Threat to the lung of San Salvador



Our friends at Voices from El Salvador blog have a new post about threats to El Espino, the forested natural area on San Salvador's western border along the slopes of the volcano.   Parcels of the preserve are getting sold off, leading to fears that more of the land will give way to development.

 The area is often referred to as the "lung" of San Salvador.  These forested acres are important as a carbon sink, as a filter for waters flowing down the slopes, and as a natural break from the sprawling urbanization of the capital city.

As Voices notes, the recent sales cause concern:
Most of El Espino, including the sections that were recently auctioned off, is technically still a protected area, so it’s unlikely that Argueta Manzano and Arguello González will be breaking out chainsaws in the immediate future.
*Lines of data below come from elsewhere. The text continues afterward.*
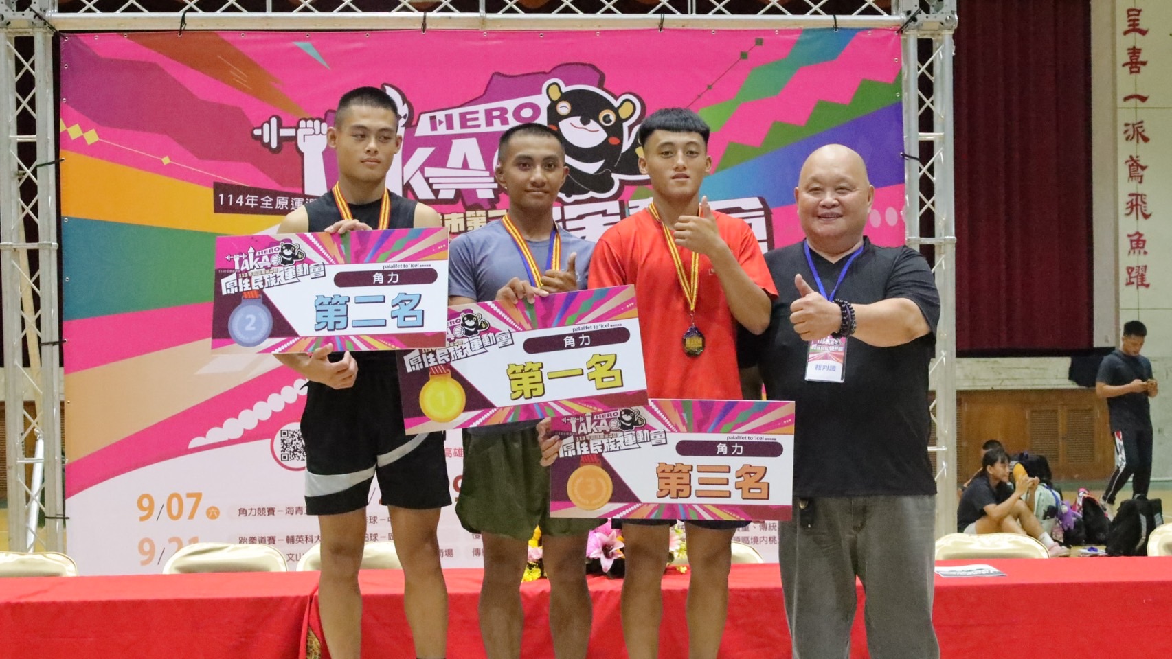 113年高雄市原住民族運動會賽事9月份由角力率先開跑!高雄市體育總會角力委員會7日於高雄市立海青高級工商職業學校舉行代表隊選拔,共有近60名選手報名參賽,高雄市運動發展局長侯尊堯與原民會主委阿布斯等貴賓皆到場參與。
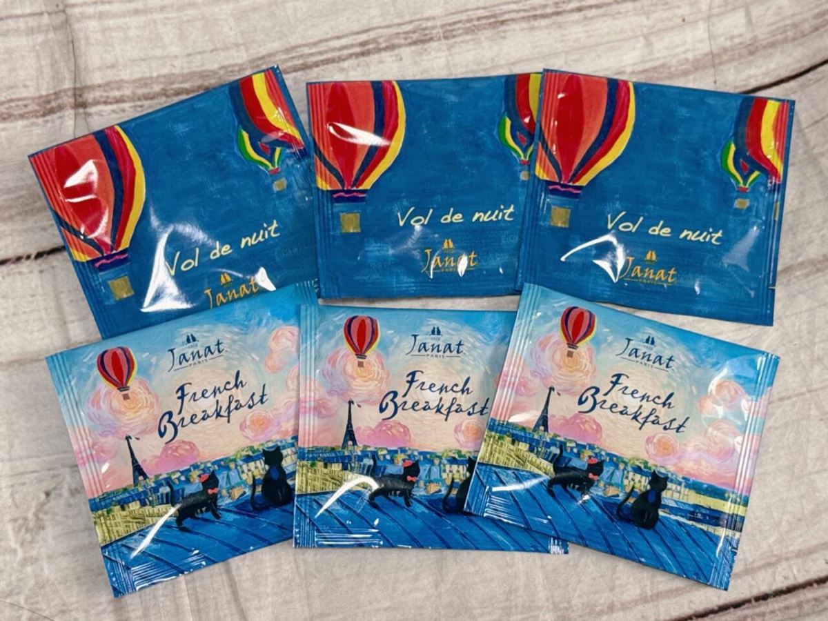 【カルディ ネコの日バッグ/ジャンナッツ 2種アソートバッグ】個包装のティーバッグが各3個ずつ入っています
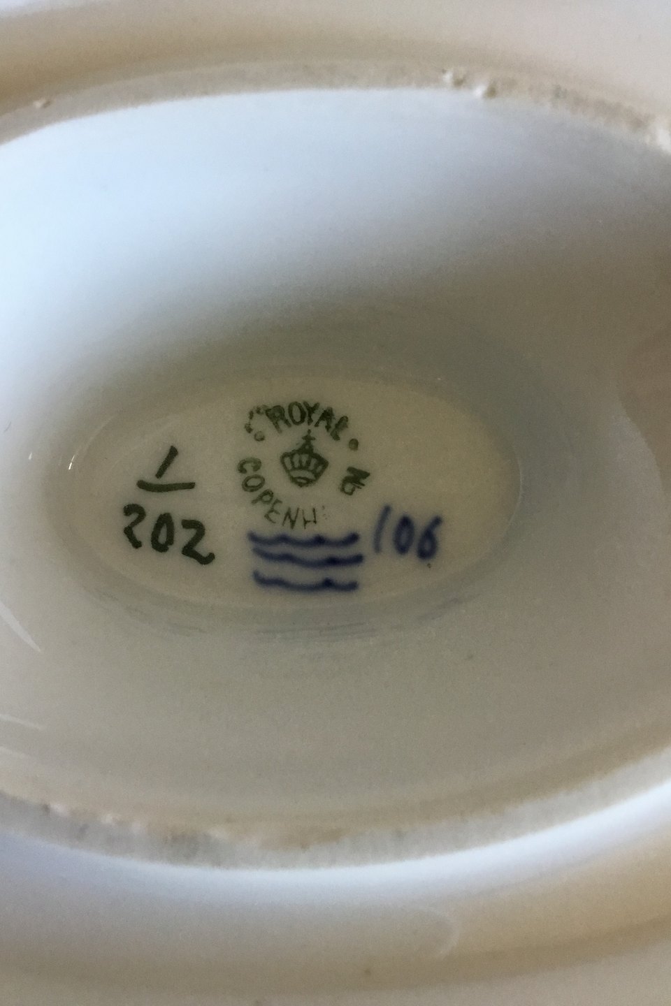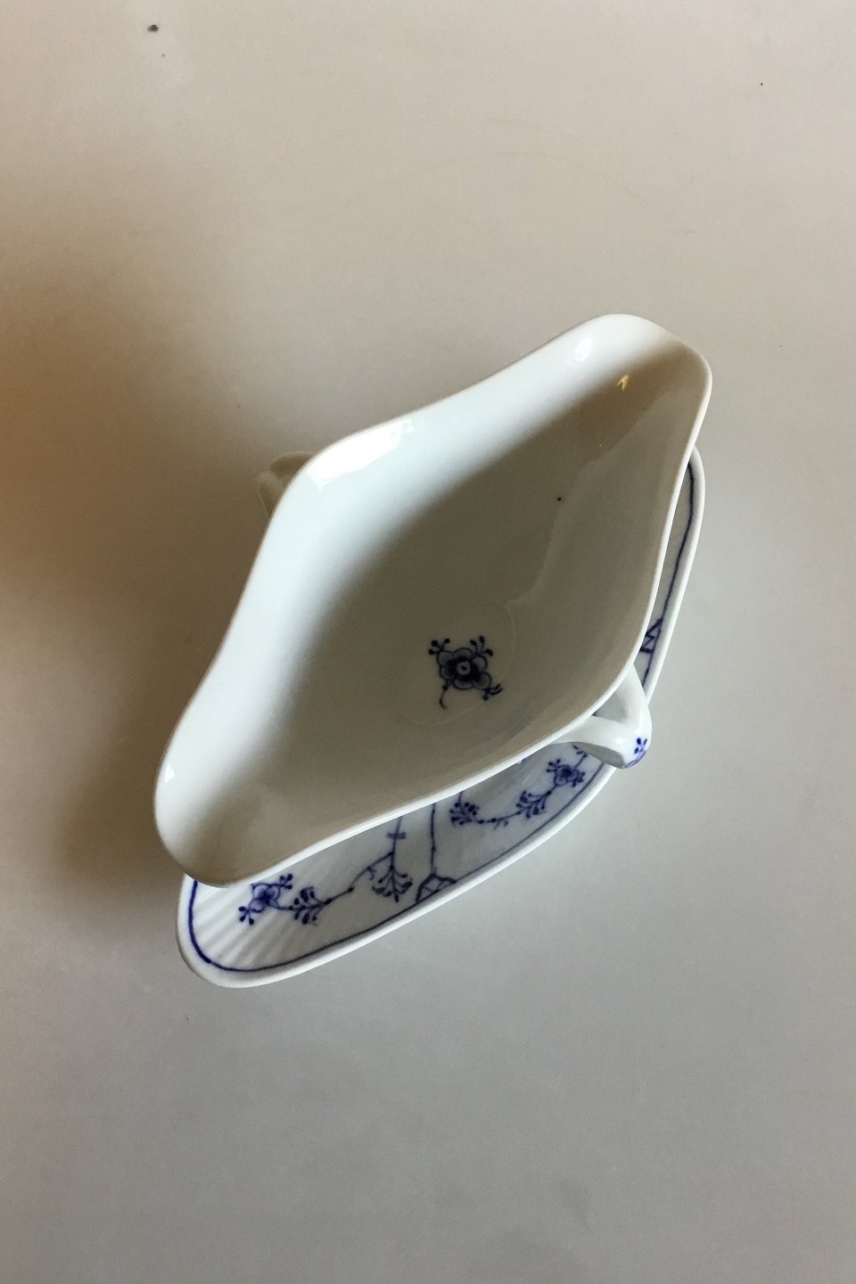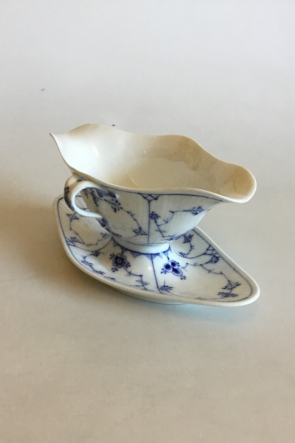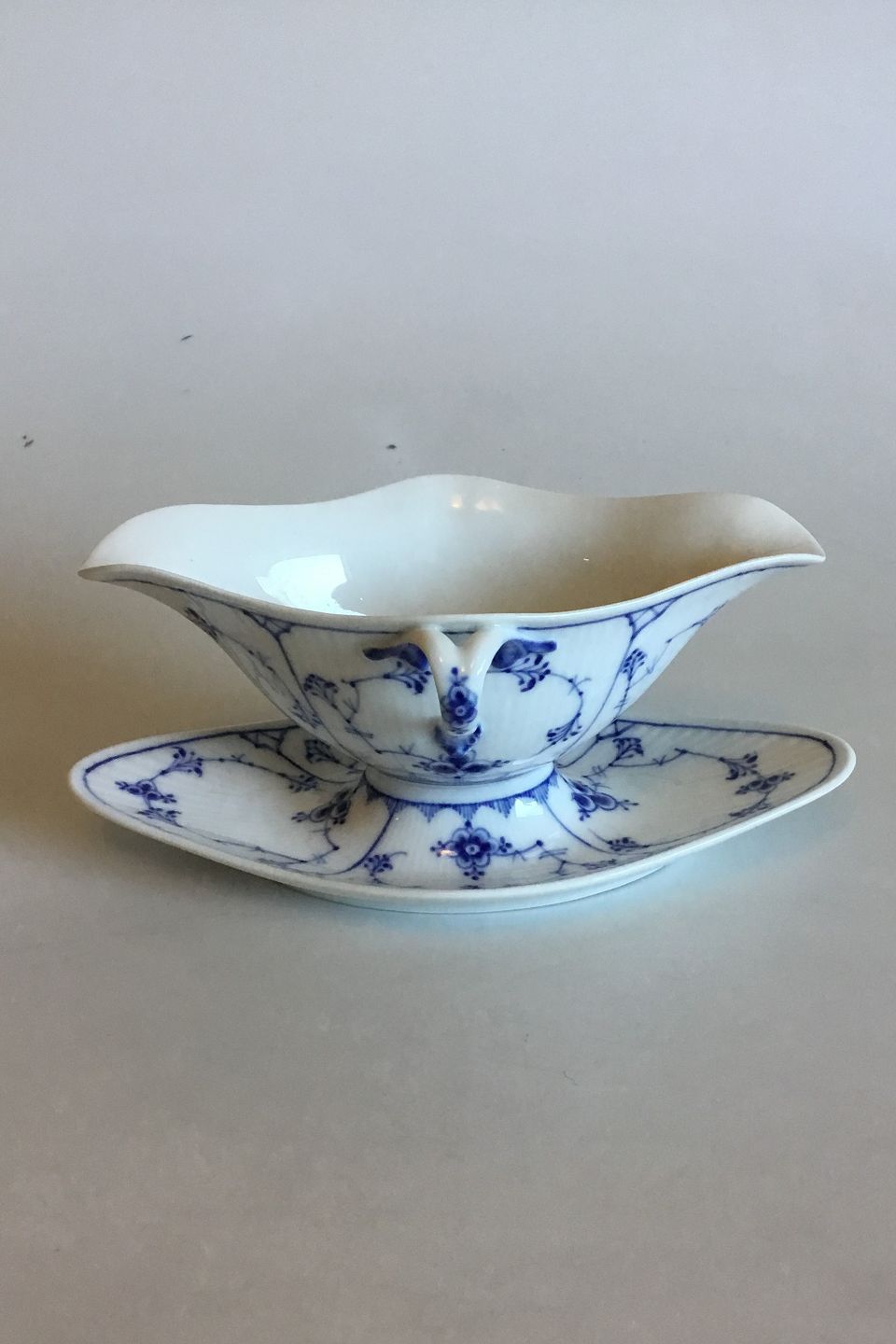 Royal Copenhagen Blue Fluted Plain Sauce Bowl No 1/202. Measures 24.5 cm x 10 cm / 9 41/64 in. x 3 15/16 in.
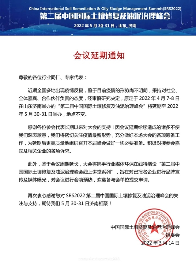 SRS2022延期通知|第二屆中國國際土壤修復(fù)及油泥治理峰會(huì)將延期至2022年5月30-31日舉行
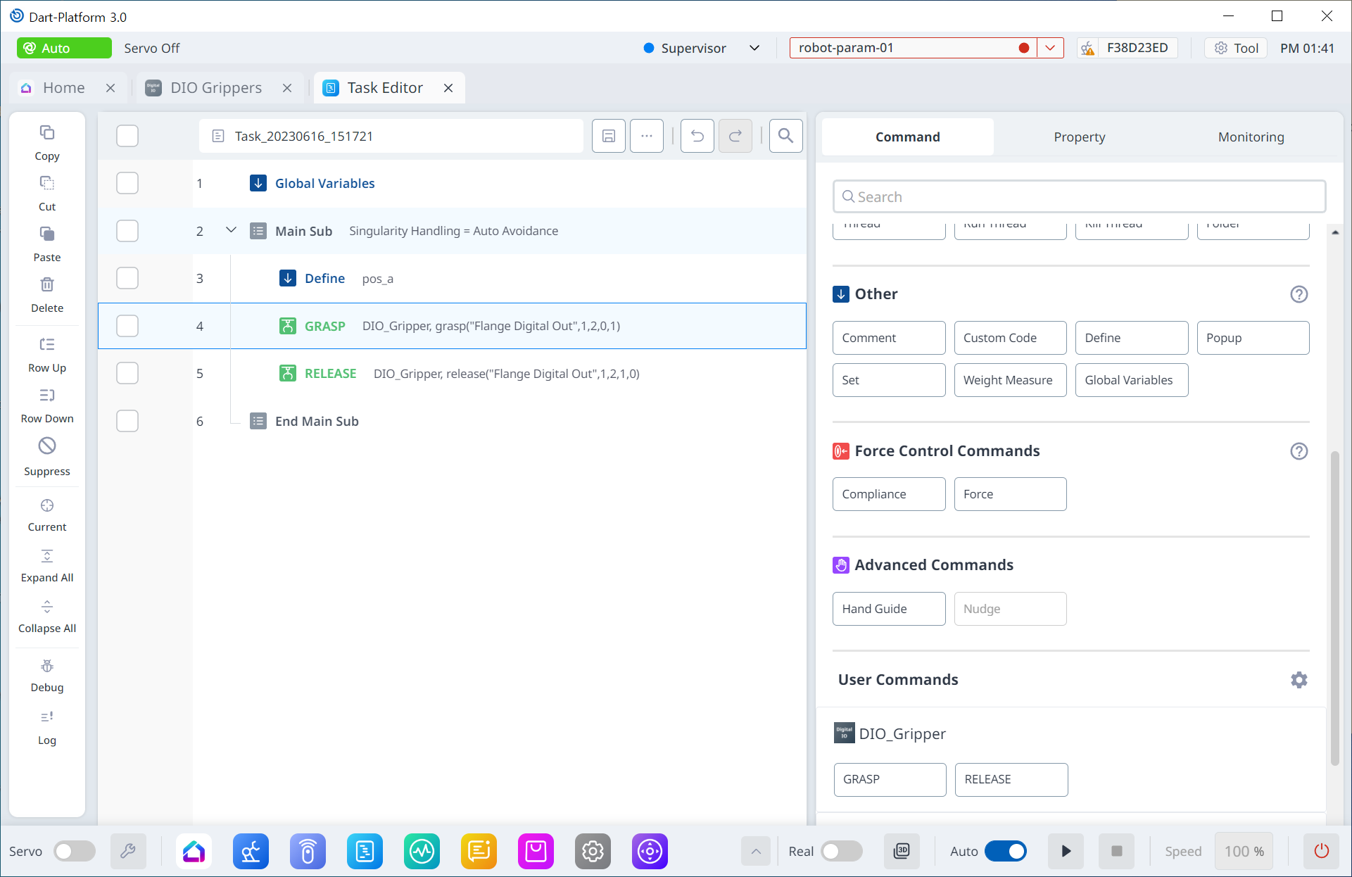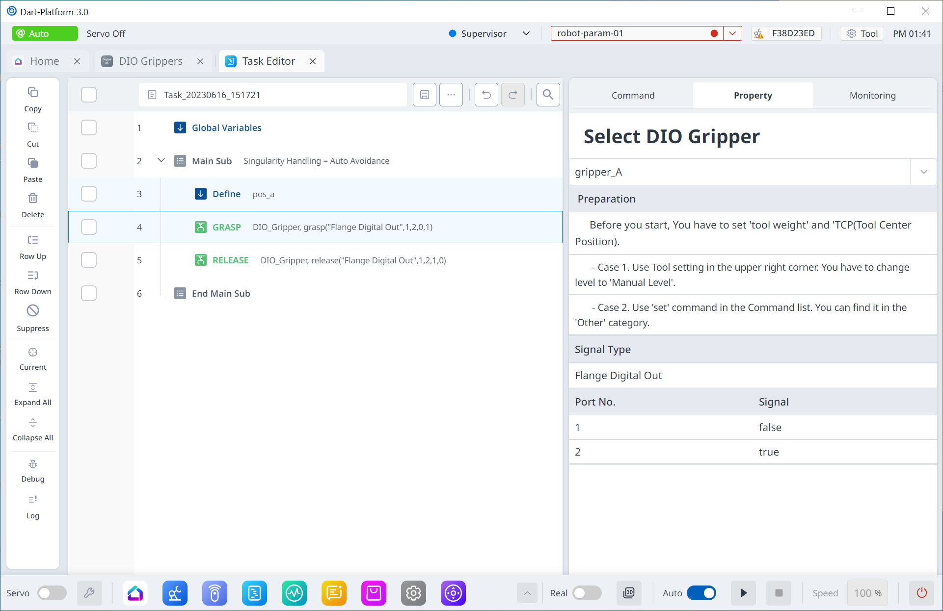 | 4 | user-module-sample-dio-gripper Keyword: | This sample is a modified Digital I/O module provided from the Device Module UI templates in Dr.Dart-IDE. In this Module, you can

But they and others have invested millions of dollars in buying land, surely with the expectation that they will be able to develop it sometime in the future. There is plenty of precedent to give them hope. Within the past 10 years the government has approved destruction of part of El Espino for a San Salvador by-pass system. In 2004 developers cleared a section of the forest to build the Multiplaza shopping center. There are also high-end housing developments, a golf course, government complexes and much more on what used to be part of San Salvador’s last lung.
While El Salvador has a small but vocal environmental movement, it is not clear that it will be able to stop these powerful real estate interests.   That would be a sad loss for a capital city with so little real green space.